Just showing a snapshot of a dead moth in its true coloration seemed rather ordinary; just documenting its natural form and color seemed like a waste of time as anyone can just look up a picture of a Sphynx Moth in any field guide.  My interest here was in showing the essence of this large moth, in the finest detail possible.  Somehow I think the structure and function of this moth is far more evident stripped to its barest essentials.  Anyway, I hope you enjoy my expose’ of this particular moth.


Equipment: Nikon D810; Nikkor 105mm F2.8 Macro lens; Cam Ranger;  Nikon SB 800 and SB 910 Speedlights; Oben Tripod.

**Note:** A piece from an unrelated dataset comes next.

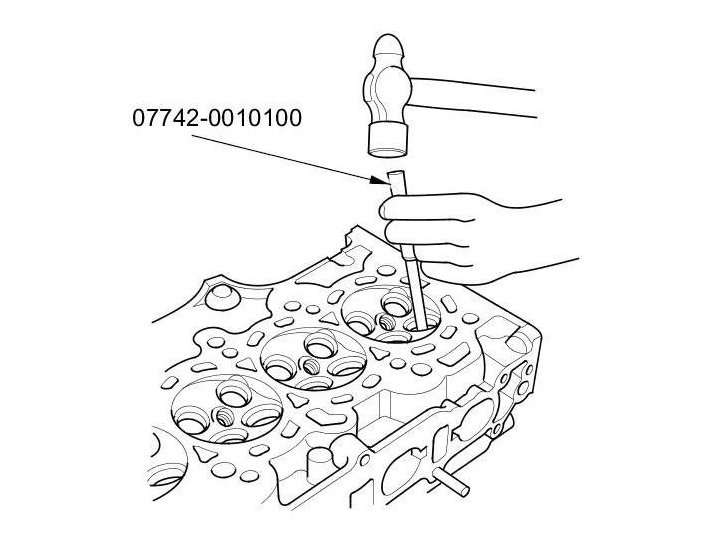 5. Working from the camshaft side, use the valve guide driver and an air hammer to drive the guide about 2 mm (0.08 in) towards the combustion chamber. This will knock off some of the carbon and make removal easier. Hold the air hammer directly in line with the valve guide to prevent damaging the driver. Wear safety goggles or a face shield.

PROCESS:  For those of you who might be interested in how I shot this specimen, I first mounted the moth to a black surface.  I used a 105mm f2.8 macro lens and a Cam Ranger synched to my Nikon D810 camera.  I then took upwards of 10 separate images at different focal lengths (a process called Focal Stacking) in order to keep the entirety of the moth in sharp focal detail, front to back or top to bottom.  The images were then merged in Photoshop to produce a single image in full focal detail from front to back.  The final images were then converted to B&W using Nik Software’s Silver Efex Pro.